(Beginning of DATA EXCERPTS)
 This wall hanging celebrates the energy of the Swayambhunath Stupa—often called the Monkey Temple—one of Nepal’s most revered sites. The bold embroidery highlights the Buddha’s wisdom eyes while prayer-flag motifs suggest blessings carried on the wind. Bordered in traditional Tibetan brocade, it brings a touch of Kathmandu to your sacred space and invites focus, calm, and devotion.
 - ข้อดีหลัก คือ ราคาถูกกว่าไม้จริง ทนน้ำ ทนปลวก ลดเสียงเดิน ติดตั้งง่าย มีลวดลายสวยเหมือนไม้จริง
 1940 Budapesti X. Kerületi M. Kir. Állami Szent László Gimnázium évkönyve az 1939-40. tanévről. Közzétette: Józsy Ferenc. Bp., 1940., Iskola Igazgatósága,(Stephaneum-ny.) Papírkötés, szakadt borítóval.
(End of DATA EXCERPTS)
(Beginning of DATA EXCERPTS)
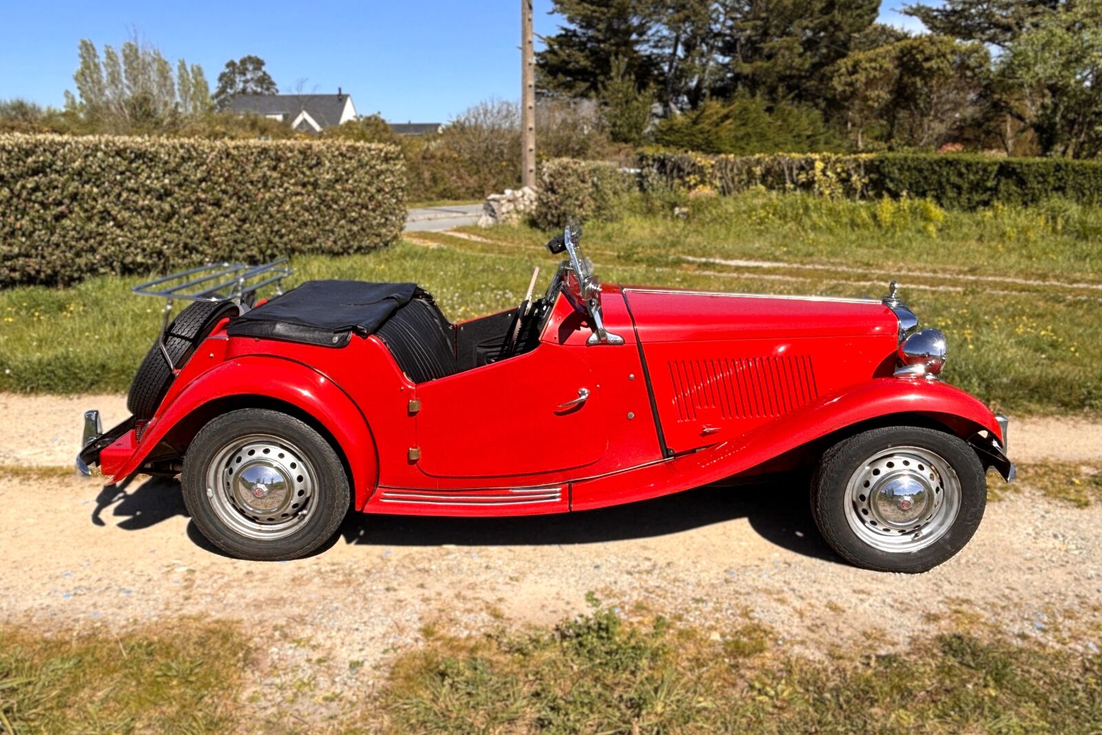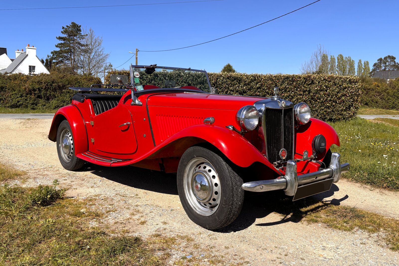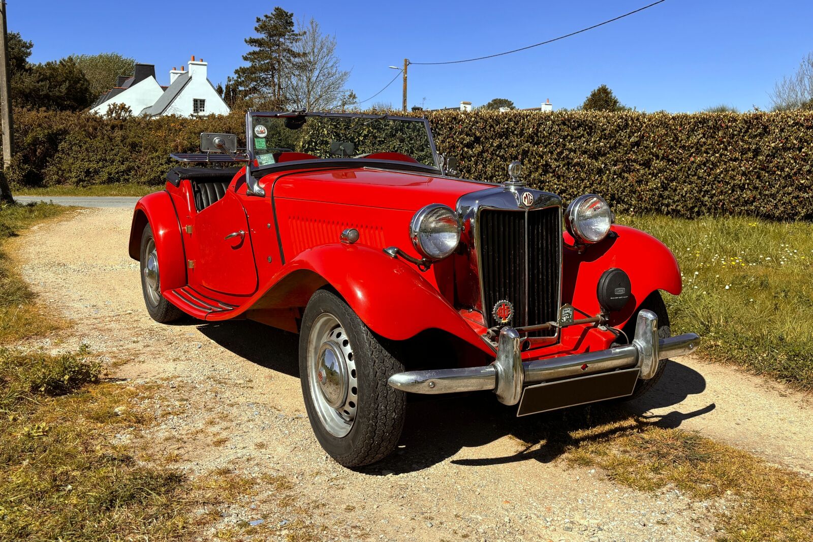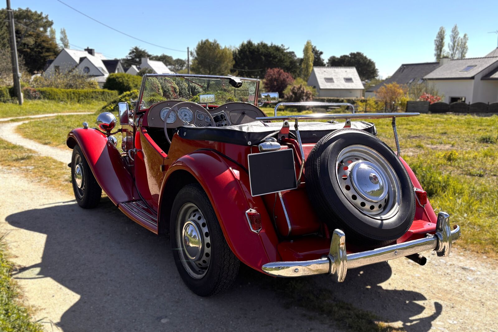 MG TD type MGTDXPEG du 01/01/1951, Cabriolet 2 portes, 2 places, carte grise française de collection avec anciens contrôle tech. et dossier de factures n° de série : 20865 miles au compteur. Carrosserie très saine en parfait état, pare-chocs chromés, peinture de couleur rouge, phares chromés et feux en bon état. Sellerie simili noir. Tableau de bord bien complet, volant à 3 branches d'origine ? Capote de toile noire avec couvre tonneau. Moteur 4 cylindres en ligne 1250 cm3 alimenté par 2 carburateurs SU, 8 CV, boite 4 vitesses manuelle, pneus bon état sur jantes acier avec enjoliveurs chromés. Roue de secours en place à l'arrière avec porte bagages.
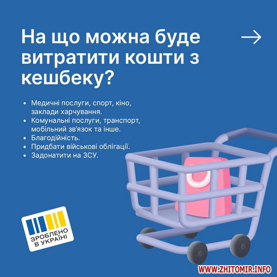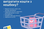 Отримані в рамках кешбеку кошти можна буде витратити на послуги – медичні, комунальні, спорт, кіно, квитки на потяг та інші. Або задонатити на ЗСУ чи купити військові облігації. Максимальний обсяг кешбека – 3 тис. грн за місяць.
(End of DATA EXCERPTS)
(Beginning of DATA EXCERPTS)
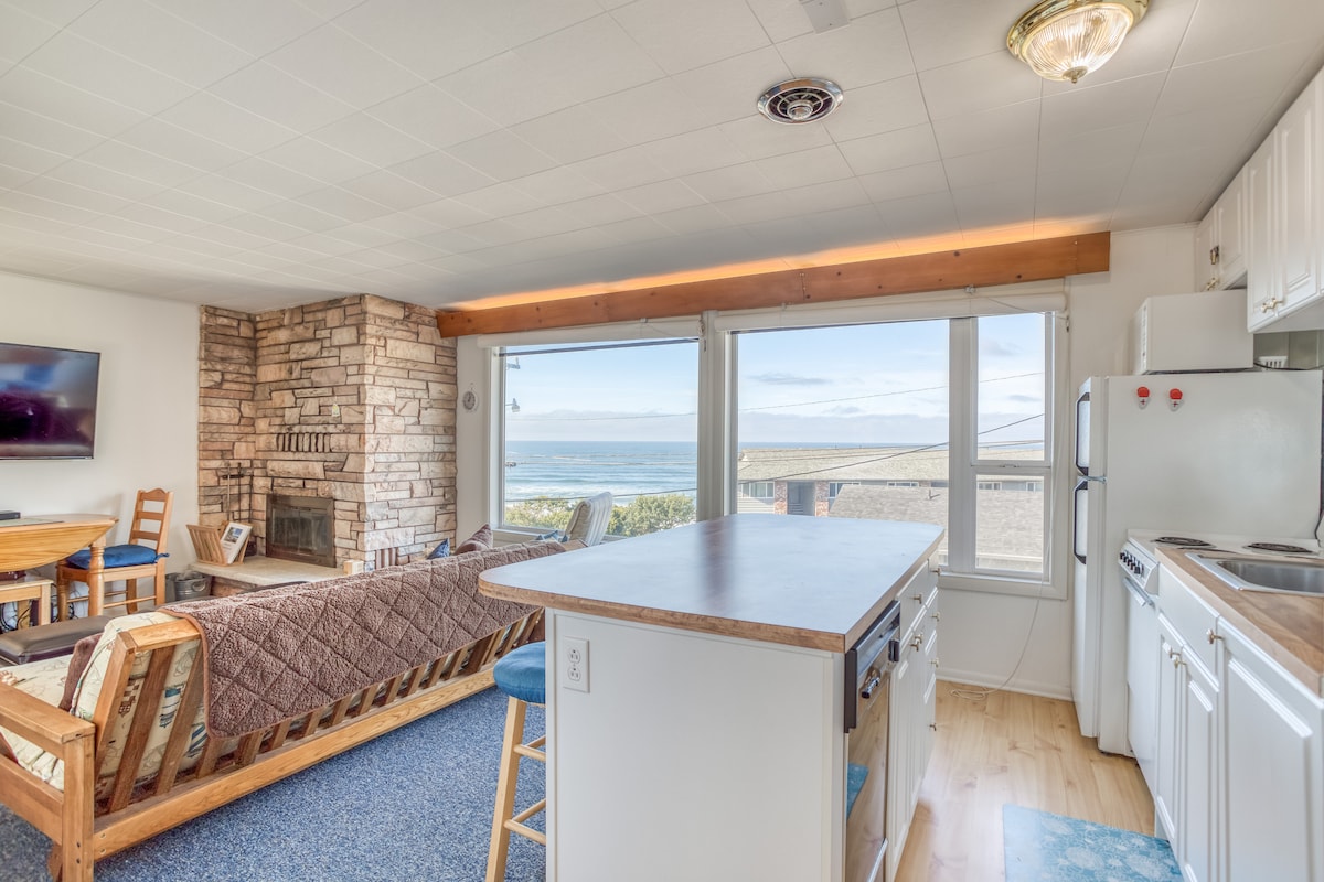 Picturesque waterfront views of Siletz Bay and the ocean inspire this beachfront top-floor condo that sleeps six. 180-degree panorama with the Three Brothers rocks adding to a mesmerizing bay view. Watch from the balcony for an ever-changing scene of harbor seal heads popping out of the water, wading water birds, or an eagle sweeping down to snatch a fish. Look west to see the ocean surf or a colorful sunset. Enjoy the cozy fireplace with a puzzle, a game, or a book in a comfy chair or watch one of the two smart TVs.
(End of DATA EXCERPTS)
BRIEF. In the data above, which lines lie between the line with "- ข้อดีหลัก คือ" and the line with "1940 Budapesti X.", inclusive? Print those lines exactly and nothing else.

FINAL ANSWER.
 - ข้อดีหลัก คือ ราคาถูกกว่าไม้จริง ทนน้ำ ทนปลวก ลดเสียงเดิน ติดตั้งง่าย มีลวดลายสวยเหมือนไม้จริง
 1940 Budapesti X. Kerületi M. Kir. Állami Szent László Gimnázium évkönyve az 1939-40. tanévről. Közzétette: Józsy Ferenc. Bp., 1940., Iskola Igazgatósága,(Stephaneum-ny.) Papírkötés, szakadt borítóval.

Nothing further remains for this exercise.